In Hungary, where I grew up, Mother’s Day celebrations are held at school. The classrooms fill up with damp-eyed and softhearted mothers and grandmothers as the children – dressed in black and white (the traditional uniform for celebrations) – sing songs and recite poems of gratitude towards their mothers. Because I always had a good relationship with my mother, it was not until I was 21 that I realized that the picture painted at these school celebrations was tainted. In reality the child-mother relationship is often complex or even complicated. I also realized that in Hungarian culture it is not considered appropriate to talk openly about one’s own mother. Of course, even back then, brave and courageous writers like Peter Esterhazy unveiled their mother (and father) in such a candid way as to make readers blush. But this impartiality is altogether missing from everyday discourse about mothers. Talking about one’s mother remains a pseudo-sacred act, and talking critically a taboo. There is an old Hungarian idiom, that says: about the dead say good things only or nothing at all. The same applies to one’s mother, and any deviation risks being viewed as blasphemy.
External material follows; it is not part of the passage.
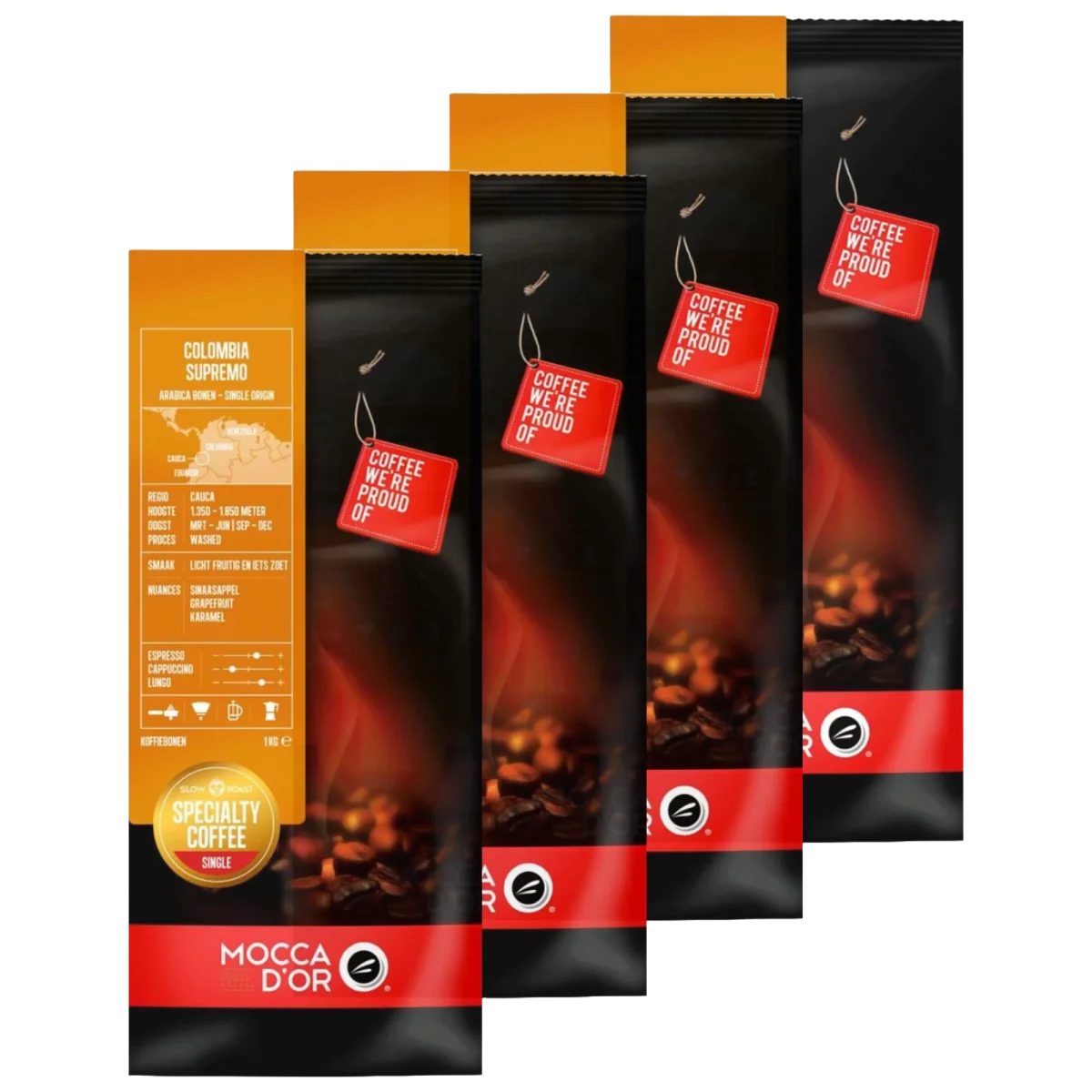 De Mocca d’Or Colombia Supremo 4kg is een Single Origin koffie en een echte klassieker! Bestaande uit 100 % Arabica bonen met een licht fruitige en iets zoete smaak. Deze koffie heeft smaaknuances van sinaasappel, grapefruit en karamel. De naam Supremo verwijst naar het formaat van de koffieboon; deze is groot. De boon komt uit het Cauca gebied in het Zuid-Amerikaanse Colombia. De Colombia Supremo is geschikt voor alle koffievarianten, maar komt bijzonder goed tot zijn recht als een espresso of een lungo.

However, as a 21-year old, while sitting on a bus in a dreary district of Budapest, I realized that along the years some of my friends, acquaintances, colleagues and even family members had shared some intimate anecdotes with me, which often revealed a deeper truth. Often, these moments of truth were quickly swept aside the next instant; or simply followed by the silent sound of a guilty conscience. So, on the bus, while passing through a neighborhood of socialist housing projects, I wrote down the anecdotes that I could recall, and called the collection Centimater. What follows is a selection of excerpts from the book:

My umbilical cord hasn’t been cut yet. I just noticed yesterday that after thirty years it’s still there, albeit a bit rotten. It has endured a lot. It has been stretched for thousands of kilometers. It’s super stretchable and super durable.

My father cheated on my mother. Not once, but constantly. My mother knew it and punished him well: she forgave him and continued to love him dearly. She actually loved him to death. It drove him crazy. He took his own life.

When mum gets up in the morning she takes a deep breath and talks all day long. She is exhausted by the end of the day, like all of those who listen to her. I never pay any attention to her. I am the most energetic member of our family.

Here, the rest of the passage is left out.